Without reproducing any image, print the listing below exactly.

___ Information provided

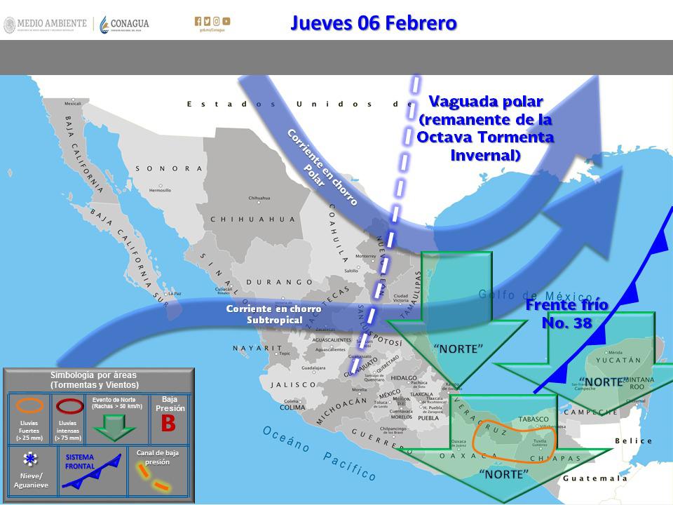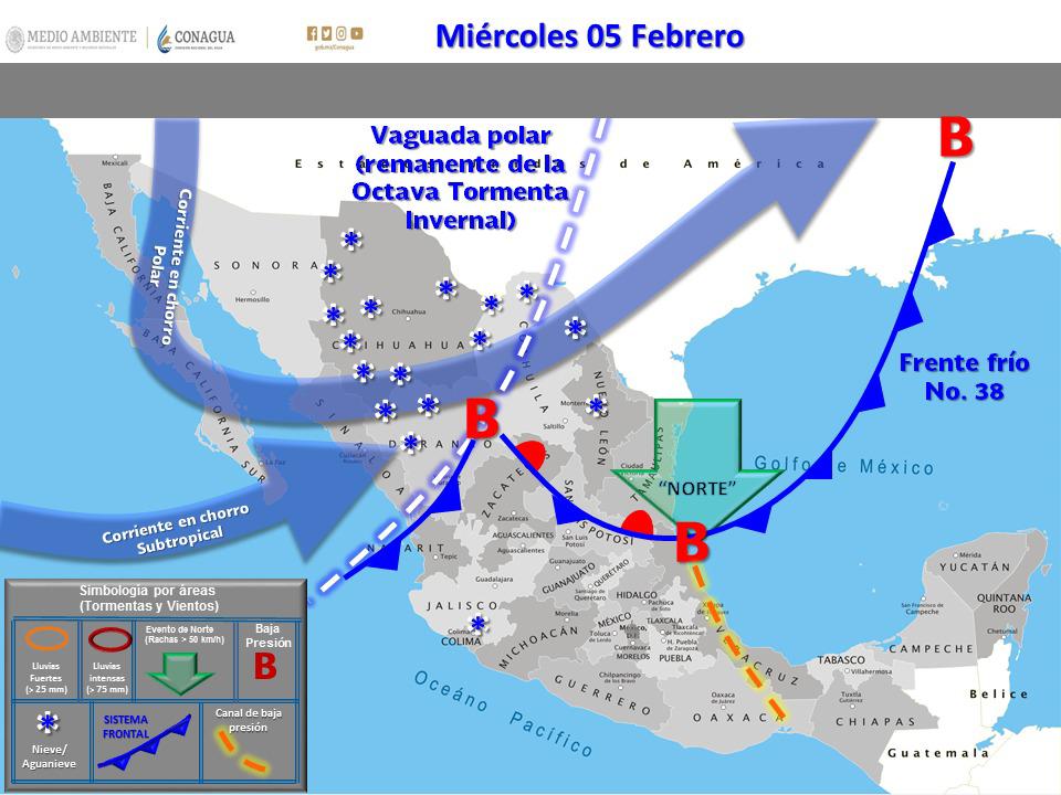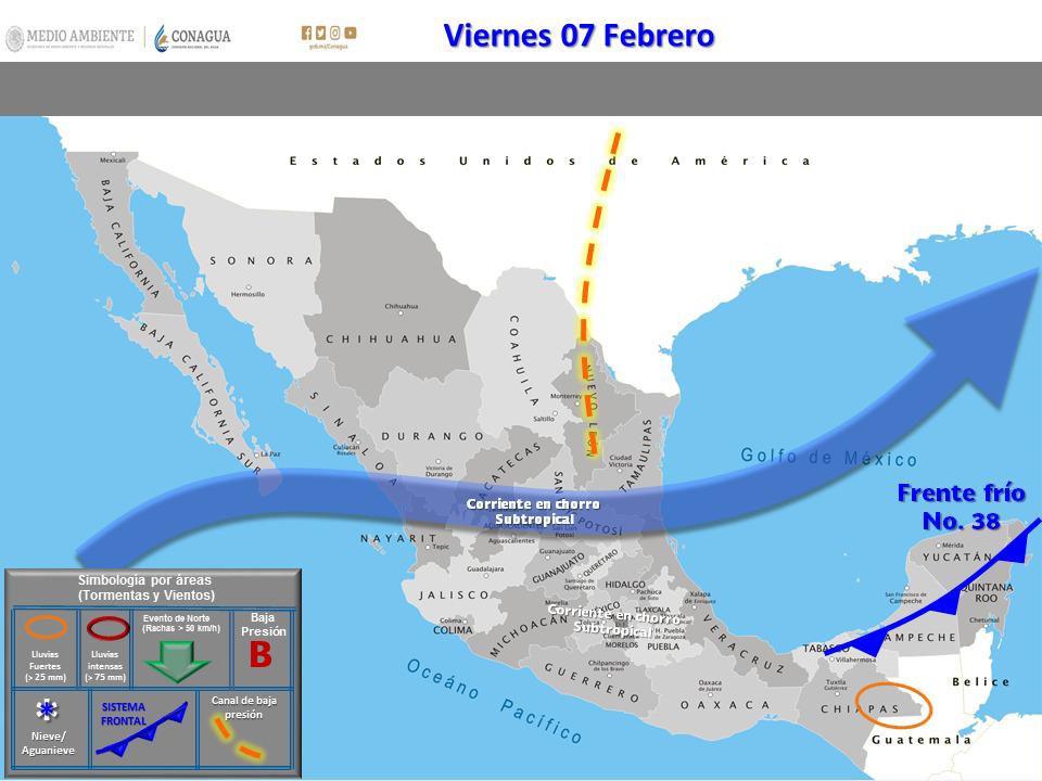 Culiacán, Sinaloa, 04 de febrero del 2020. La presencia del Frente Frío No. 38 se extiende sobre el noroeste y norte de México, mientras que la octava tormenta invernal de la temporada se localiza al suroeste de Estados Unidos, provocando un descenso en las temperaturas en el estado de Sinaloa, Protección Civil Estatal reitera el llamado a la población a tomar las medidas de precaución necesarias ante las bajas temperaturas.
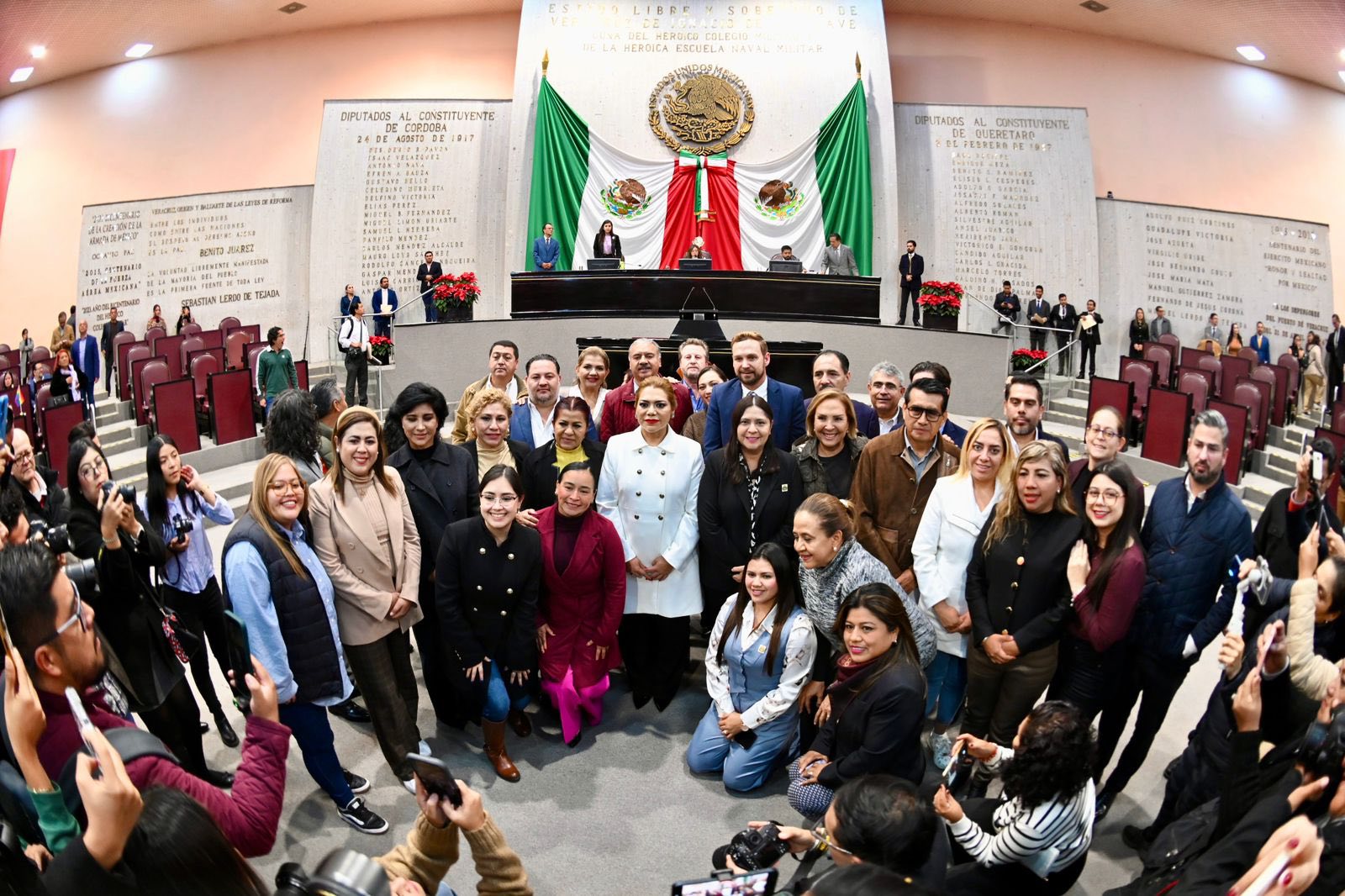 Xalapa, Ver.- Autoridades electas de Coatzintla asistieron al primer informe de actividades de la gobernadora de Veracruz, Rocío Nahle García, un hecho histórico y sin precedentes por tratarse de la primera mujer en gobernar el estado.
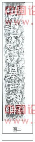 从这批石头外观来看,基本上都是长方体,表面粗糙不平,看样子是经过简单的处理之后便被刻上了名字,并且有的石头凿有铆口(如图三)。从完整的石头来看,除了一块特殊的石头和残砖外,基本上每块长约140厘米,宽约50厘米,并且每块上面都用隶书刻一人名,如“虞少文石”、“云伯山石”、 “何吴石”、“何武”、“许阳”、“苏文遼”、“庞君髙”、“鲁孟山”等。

______

### [Solution for this exercise]
 Culiacán, Sinaloa, 04 de febrero del 2020. La presencia del Frente Frío No. 38 se extiende sobre el noroeste y norte de México, mientras que la octava tormenta invernal de la temporada se localiza al suroeste de Estados Unidos, provocando un descenso en las temperaturas en el estado de Sinaloa, Protección Civil Estatal reitera el llamado a la población a tomar las medidas de precaución necesarias ante las bajas temperaturas.
 Xalapa, Ver.- Autoridades electas de Coatzintla asistieron al primer informe de actividades de la gobernadora de Veracruz, Rocío Nahle García, un hecho histórico y sin precedentes por tratarse de la primera mujer en gobernar el estado.
 从这批石头外观来看,基本上都是长方体,表面粗糙不平,看样子是经过简单的处理之后便被刻上了名字,并且有的石头凿有铆口(如图三)。从完整的石头来看,除了一块特殊的石头和残砖外,基本上每块长约140厘米,宽约50厘米,并且每块上面都用隶书刻一人名,如“虞少文石”、“云伯山石”、 “何吴石”、“何武”、“许阳”、“苏文遼”、“庞君髙”、“鲁孟山”等。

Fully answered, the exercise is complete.